## THE TASK
Whenever a line of the data below holds the string "with", copy that line.

## INPUT

• • • •

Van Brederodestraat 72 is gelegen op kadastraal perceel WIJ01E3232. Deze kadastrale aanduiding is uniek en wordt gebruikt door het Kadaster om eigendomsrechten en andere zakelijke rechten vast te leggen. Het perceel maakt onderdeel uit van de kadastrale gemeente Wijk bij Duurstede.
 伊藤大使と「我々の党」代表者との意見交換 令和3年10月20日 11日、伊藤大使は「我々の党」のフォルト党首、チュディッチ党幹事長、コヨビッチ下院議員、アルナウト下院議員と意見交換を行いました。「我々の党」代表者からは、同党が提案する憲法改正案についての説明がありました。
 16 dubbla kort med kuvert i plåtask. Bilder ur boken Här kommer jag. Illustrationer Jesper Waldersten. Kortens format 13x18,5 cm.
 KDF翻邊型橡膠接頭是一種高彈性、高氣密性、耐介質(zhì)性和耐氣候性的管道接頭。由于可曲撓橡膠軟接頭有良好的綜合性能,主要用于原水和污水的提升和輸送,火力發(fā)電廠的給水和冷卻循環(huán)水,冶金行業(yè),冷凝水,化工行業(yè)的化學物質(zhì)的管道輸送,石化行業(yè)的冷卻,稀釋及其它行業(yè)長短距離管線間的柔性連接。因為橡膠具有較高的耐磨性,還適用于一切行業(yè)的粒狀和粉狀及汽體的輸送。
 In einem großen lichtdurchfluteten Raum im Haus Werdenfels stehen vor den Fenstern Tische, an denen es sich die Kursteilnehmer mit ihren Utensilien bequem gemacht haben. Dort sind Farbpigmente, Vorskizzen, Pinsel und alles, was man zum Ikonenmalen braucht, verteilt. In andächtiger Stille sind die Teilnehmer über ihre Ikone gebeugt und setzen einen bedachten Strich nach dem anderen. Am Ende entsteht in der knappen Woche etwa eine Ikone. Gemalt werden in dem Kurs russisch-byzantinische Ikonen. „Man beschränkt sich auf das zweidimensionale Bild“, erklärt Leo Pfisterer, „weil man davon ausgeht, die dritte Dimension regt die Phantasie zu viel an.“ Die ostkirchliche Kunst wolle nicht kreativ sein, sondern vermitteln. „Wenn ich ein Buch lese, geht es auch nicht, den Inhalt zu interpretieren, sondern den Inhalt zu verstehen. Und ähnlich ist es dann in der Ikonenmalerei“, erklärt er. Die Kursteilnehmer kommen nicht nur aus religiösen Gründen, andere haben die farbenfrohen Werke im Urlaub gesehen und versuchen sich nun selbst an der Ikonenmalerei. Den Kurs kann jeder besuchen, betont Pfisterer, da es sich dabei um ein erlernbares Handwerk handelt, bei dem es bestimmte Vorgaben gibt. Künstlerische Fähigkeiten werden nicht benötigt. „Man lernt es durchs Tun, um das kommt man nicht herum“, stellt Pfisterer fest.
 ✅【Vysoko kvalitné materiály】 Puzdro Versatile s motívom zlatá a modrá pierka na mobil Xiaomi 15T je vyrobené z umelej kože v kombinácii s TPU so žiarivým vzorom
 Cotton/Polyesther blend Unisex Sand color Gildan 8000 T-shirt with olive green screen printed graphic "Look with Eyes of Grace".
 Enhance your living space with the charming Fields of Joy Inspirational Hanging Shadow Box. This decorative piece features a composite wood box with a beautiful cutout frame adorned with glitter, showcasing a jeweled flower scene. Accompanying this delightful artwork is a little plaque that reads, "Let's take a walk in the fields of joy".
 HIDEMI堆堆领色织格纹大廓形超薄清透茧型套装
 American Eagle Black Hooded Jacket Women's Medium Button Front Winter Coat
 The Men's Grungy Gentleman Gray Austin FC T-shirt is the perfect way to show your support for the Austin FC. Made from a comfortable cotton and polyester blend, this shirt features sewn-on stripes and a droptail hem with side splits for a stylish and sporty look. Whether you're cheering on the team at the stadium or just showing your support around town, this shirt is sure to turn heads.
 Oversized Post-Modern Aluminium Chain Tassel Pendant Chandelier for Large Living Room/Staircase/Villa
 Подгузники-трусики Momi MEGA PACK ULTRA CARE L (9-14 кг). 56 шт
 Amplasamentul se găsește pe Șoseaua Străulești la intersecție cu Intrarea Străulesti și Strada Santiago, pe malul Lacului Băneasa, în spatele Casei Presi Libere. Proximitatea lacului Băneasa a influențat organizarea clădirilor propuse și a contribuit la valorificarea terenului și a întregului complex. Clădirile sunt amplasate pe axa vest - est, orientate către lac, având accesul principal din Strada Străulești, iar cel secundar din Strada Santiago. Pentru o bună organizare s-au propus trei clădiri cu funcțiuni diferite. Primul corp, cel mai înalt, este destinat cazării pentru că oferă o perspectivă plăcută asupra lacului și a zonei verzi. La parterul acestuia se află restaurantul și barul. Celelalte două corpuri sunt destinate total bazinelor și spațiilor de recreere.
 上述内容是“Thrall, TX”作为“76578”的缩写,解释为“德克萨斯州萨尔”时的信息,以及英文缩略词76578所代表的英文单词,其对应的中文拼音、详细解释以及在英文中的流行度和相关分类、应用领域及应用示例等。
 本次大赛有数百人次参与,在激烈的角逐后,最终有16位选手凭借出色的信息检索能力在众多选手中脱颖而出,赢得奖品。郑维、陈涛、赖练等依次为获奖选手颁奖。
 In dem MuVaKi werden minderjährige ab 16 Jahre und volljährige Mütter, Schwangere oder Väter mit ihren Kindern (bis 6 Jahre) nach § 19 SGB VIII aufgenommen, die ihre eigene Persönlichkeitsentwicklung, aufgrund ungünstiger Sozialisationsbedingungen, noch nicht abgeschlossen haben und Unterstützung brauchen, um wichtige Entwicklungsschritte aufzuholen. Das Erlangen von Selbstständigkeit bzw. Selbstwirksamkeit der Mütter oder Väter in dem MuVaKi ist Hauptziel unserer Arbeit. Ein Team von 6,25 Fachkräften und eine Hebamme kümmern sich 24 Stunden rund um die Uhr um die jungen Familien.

• • • •

## RESPONSE
 Cotton/Polyesther blend Unisex Sand color Gildan 8000 T-shirt with olive green screen printed graphic "Look with Eyes of Grace".
 Enhance your living space with the charming Fields of Joy Inspirational Hanging Shadow Box. This decorative piece features a composite wood box with a beautiful cutout frame adorned with glitter, showcasing a jeweled flower scene. Accompanying this delightful artwork is a little plaque that reads, "Let's take a walk in the fields of joy".
 The Men's Grungy Gentleman Gray Austin FC T-shirt is the perfect way to show your support for the Austin FC. Made from a comfortable cotton and polyester blend, this shirt features sewn-on stripes and a droptail hem with side splits for a stylish and sporty look. Whether you're cheering on the team at the stadium or just showing your support around town, this shirt is sure to turn heads.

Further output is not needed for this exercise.